In the material below, find the line with "Das Brause-Set von" and the line with "تمام بن عبد", then output both and every line between them exactly, omitting pictures.
┌──
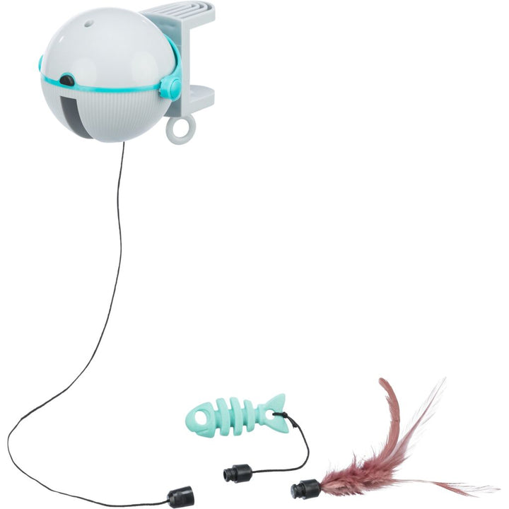 Der ultimative Fang-Spass für deine Katze. Unser automatisches Katzenspielzeug "Catch It" kann problemlos an unterschiedlichen Flächen bis zu einer Dicke von 4 cm angebracht werden. Durch eine batteriebetriebene Automatik fährt das an einer Schnur befestigte Spielzeug unregelmässig auf und ab, wodurch der Spiel- und Fangtrieb deines Stubentigers angeregt wird. Zur Abwechslung kannst du zwischen einem Fisch- oder Federspielzeug wählen - wie es deiner Katze am besten gefällt. Nach 15 Minuten schaltet sich das Spielzeug automatisch ab.
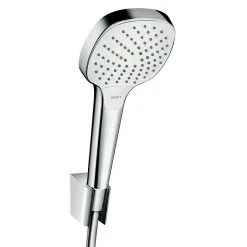 Das Brause-Set von Hansgrohe enthält eine Handbrause der Reihe Croma Select E Vario sowie einen Brauseschlauch und einen Wandhalter aus Kunststoff. Die innovative Select-Technologie ermöglicht ein bequemes Umschalten zwischen drei verschiedenen Strahlarten auf Knopfdruck. Die QuickClean-Funktion ermöglicht dank flexibler Silikonnoppen eine kinderleichte Entkalkung: Kalkablagerungen werden einfach abgerubbelt. Mit dem an der Handbrause integrierten Drehwirbel wird ein Verdrehen des Brauseschlauches verhindert, was für uneingeschränktes Duschvergnügen sorgt.
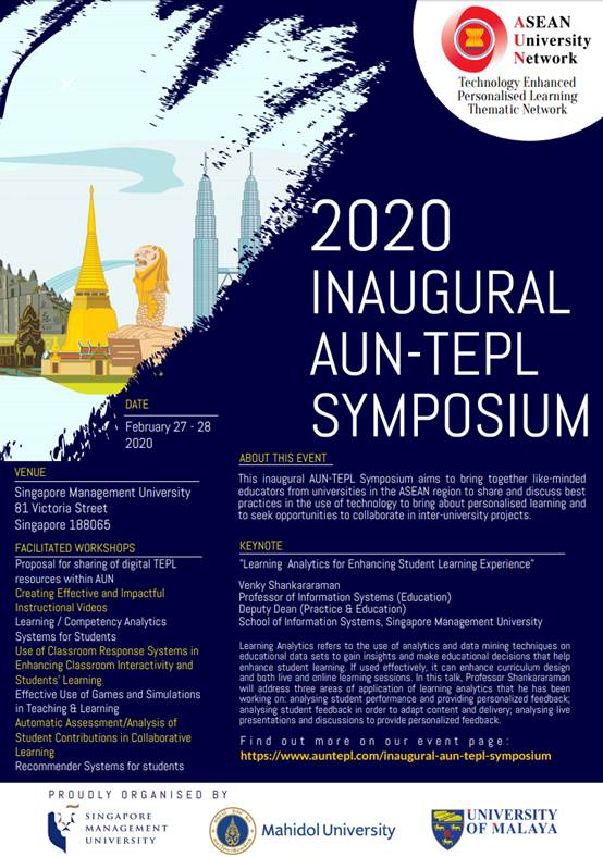东盟大学联盟首届 “科技辅助个性化学习”研讨会即将于2020年2月27日至28日在新加坡管理大学举办,承办单位还包括泰国玛希隆大学和马来西亚马来亚大学。
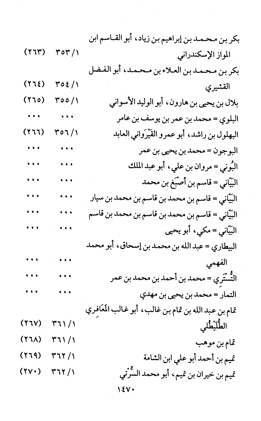 تمام بن عبد الله بن تمام بن غالب، أبو غالب المعافري الطّليطلي \ 1/ 361 \ (267)
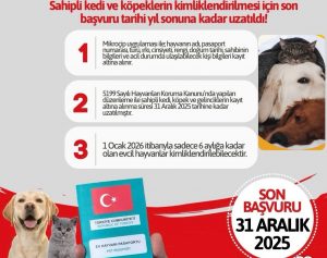 Yetkililer, hayvanların kimliklendirilmesi ve kayıt altına alınmasının hem sahipleri hem de sokak hayvanları için büyük önem taşıdığını vurgulayarak vatandaşları zamanında başvuru yapmaları konusunda uyardı.
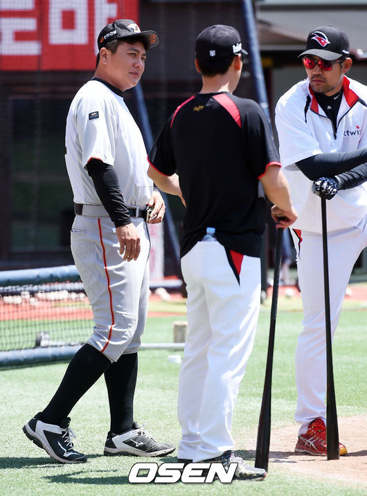 [OSEN=수원, 박준형] 24일 오후 경기도 수원시 수원구장서 열리는 '2015 타이어뱅크 KBO리그' kt 위즈와 한화 이글스의 경기전 한화 김태균이 kt 김민재 코치와 인사를 나누고 있다.
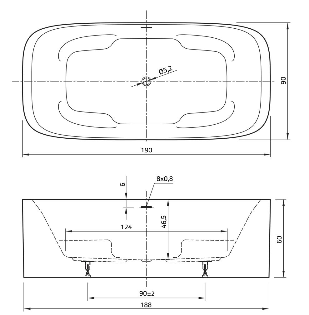 Vrijstaand bad Xenz Vera 190x900x60cm
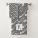 White small flowers on gray floral bath towel set. It showcases a pattern of small flowers and leaves and your monogram on gray background.
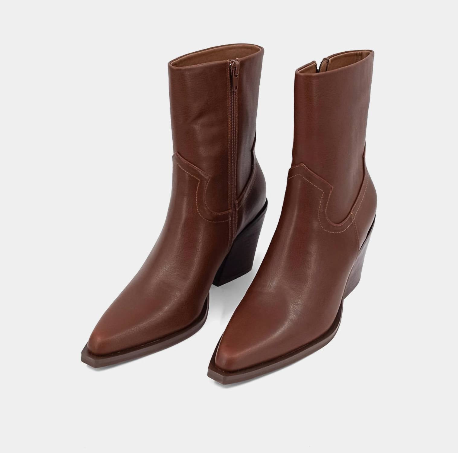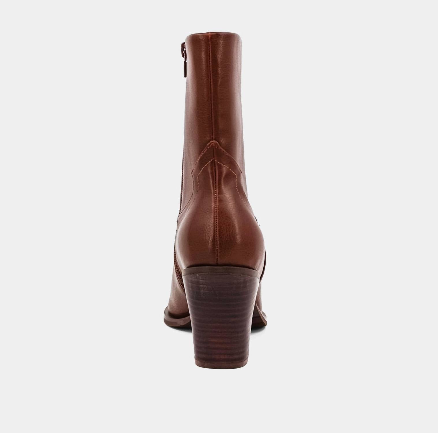Upgrade your shoe game with these classic heeled boots, designed to merge sophistication and style. Comfortable enough for long days or a night out on the town. Introducing the SHU SHOP Women's Victoria Boot, a must-have for the modern minimalist's wardrobe. These heels feature a striking angular block heel with an almond toe shape, perfect for dinner parties. Crafted from premium faux cognac leather, they promise all-day comfort with a cushioned insole and flexible sole. Effortlessly elevate your spring style with this elegant piece.
└──
WRITTEN REPLY:
 Das Brause-Set von Hansgrohe enthält eine Handbrause der Reihe Croma Select E Vario sowie einen Brauseschlauch und einen Wandhalter aus Kunststoff. Die innovative Select-Technologie ermöglicht ein bequemes Umschalten zwischen drei verschiedenen Strahlarten auf Knopfdruck. Die QuickClean-Funktion ermöglicht dank flexibler Silikonnoppen eine kinderleichte Entkalkung: Kalkablagerungen werden einfach abgerubbelt. Mit dem an der Handbrause integrierten Drehwirbel wird ein Verdrehen des Brauseschlauches verhindert, was für uneingeschränktes Duschvergnügen sorgt.
东盟大学联盟首届 “科技辅助个性化学习”研讨会即将于2020年2月27日至28日在新加坡管理大学举办,承办单位还包括泰国玛希隆大学和马来西亚马来亚大学。
 تمام بن عبد الله بن تمام بن غالب، أبو غالب المعافري الطّليطلي \ 1/ 361 \ (267)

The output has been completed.